The ALERT Summerschool (Olek Zienkiewicz Course) 2013 entitled Geology and Mechanics will be organized by Prof. Dimitrios Kolymbas and held in Innsbruck, 16-20 September 2013.
A short description of the topic by Dimitrios Kolymbas:
Viewed from the aspect of Continuum Mechanics, Geology is the most fascinating exhibition of large deformations of solid materials and the accompanying pattern formation. The latter is dominated by the phenomenon of localisation of deformation, think of shearbands and faults. The scale invariance of the relevant deformation mechanisms implies that the same phenomena are observed in a large range of scales. What is observed and studied by Soil Mechanics in the small is also observed by geologist in large scales. It proves (cf. the law of Byerlee) that sand is an appropriate solid material to model large deformations of geological strata. This fact is scientifically exploited by the so-called sandbox models, where geological folding and faulting is modeled in the laboratory with sand. The trapdoor problem, a widespread benchmark of soil mechanics, exhibits exactly the same patterns as the formation of grabens and ring structures in the lithosphere. An important feature in Soil Mechanics is the fact that fragmentation of sand bodies is always manifested by the formation of rigid blocks that slide relative to each other.
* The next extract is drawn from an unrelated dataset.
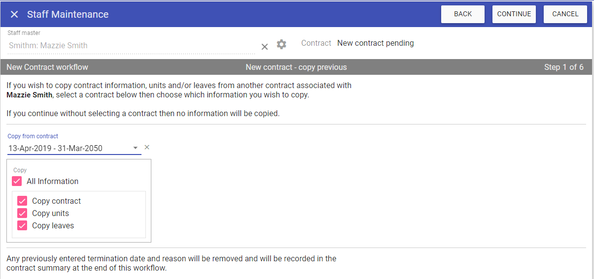NOTE: You can choose not to copy certain information across, however, SMI recommend you copy everything forward unless the staff member is moving from contract to bank or bank to contract.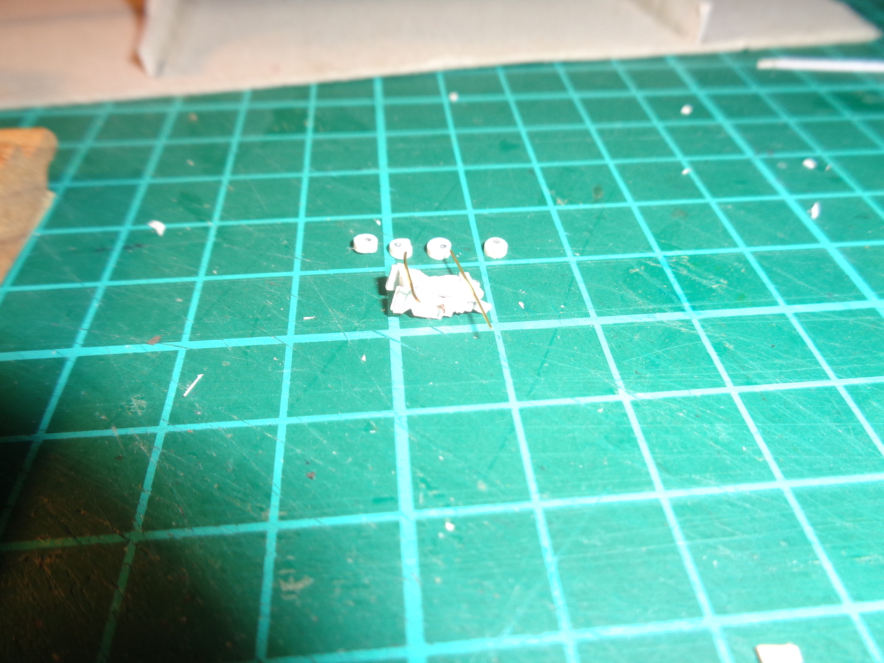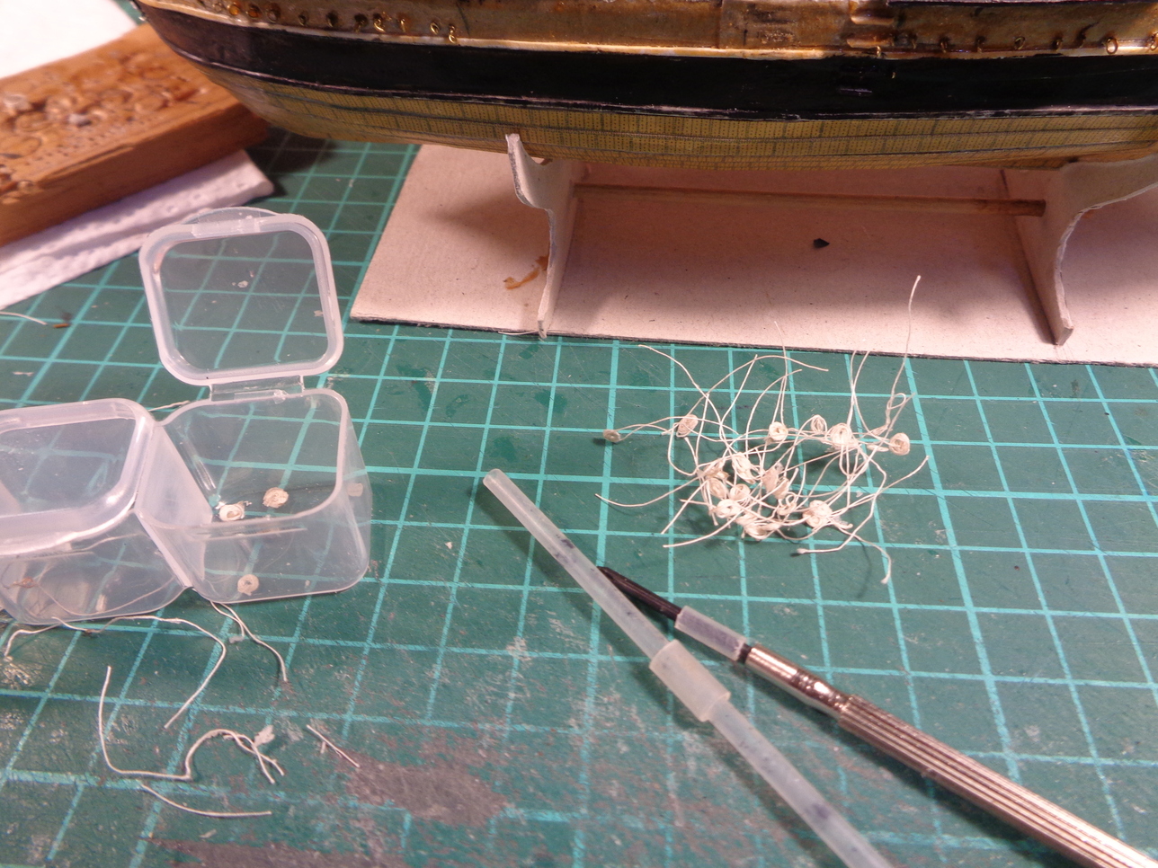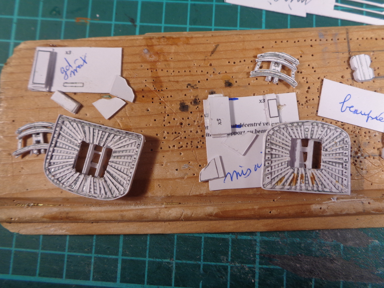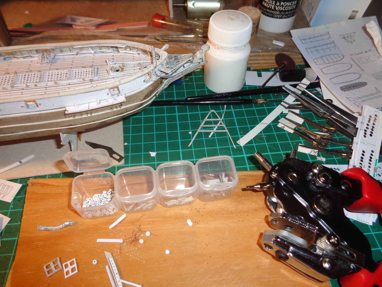 Les seaux ne sont qu'un morceau de tube en papier découpé en petites pièces de 3 mm de haut ou un peu moins, et collés sur une plaque qu'on découpera ensuite. En mouillant le papier et avec une petite matrice, ou doit pouvoir les évaser facilement. Pas de bol, les seaux près des canons étaient évasés à l'envers. Le vase que la cigogne a proposé au renard par exemple. J'ai fait tubulaire. À plus grande échelle, ça valait le coup, mais pas au 1/142 ème. En plus, c'est à un endroit peu visible. Les parcs à boulets sont quelques épaisseurs de carton , percées à moitié à 0,4 ou 0,5 mm , cinq par cinq, qu'on peint en bois moyen comme les seaux. Dans les trous, je colle des petits plombs de pêche qui sont presque du diamètre de l'embouchure du canon. On doit trouver le mêmes sans fente pour un prix modique pour la chasse. les voici près d'un canon, avant peinture des fausses poulies et roulage des cordages Actuellement, je viens de coller les trois bas mâts, j'ai ajouté des tas de détails , commencé à monter des caps de moutons, que je trouve trop gros, mais je n'ai pas su faire bien plus petit. Ils font entre 2 et 3,5 mm. D'un seul coup, on voit comme la coque semble frêle et minuscule face à l'immensité relative des mâts et de la surface des voiles qu'ils soutiennent.... Le beaupré est un monument de finesse élancée. Rien à voir avec les patauds vaisseaux du XVI ème et du XVII ème. Le bateau n'a plus besoin de décorations et de couleurs pour être beau, il a la beauté de la perfection de sa réalisation pour sa fonction. Rationalité complète par rapport à l'état de l'art de son époque, fin de la marine en bois et quelques années plus tard les clippers semi métalliques fendront les mers, et, l'acier et la machine à vapeur feront naviguer des monstres métalliques aux allures de dinosaures dans des nuages de fumée nauséabonde..... Avec des canons toujours plus gros!

The analogon in large scale is the motion of continents relative to each other with the accompanied friction and earthquakes. Also vulcanism has a counterpart in the small scale of Soil Mechanics, the so-called sand-volcanos.
The above stated effects are highly interesting and can cross-fertilize scientists from various disciplines.
It is a very interesting tropic to be discussed mainly as geologists have different “souls” from structural geologists to engineering geologists that hardly (at least in Italy) understand each other. One of my PhD or post-doc students or even me will participate.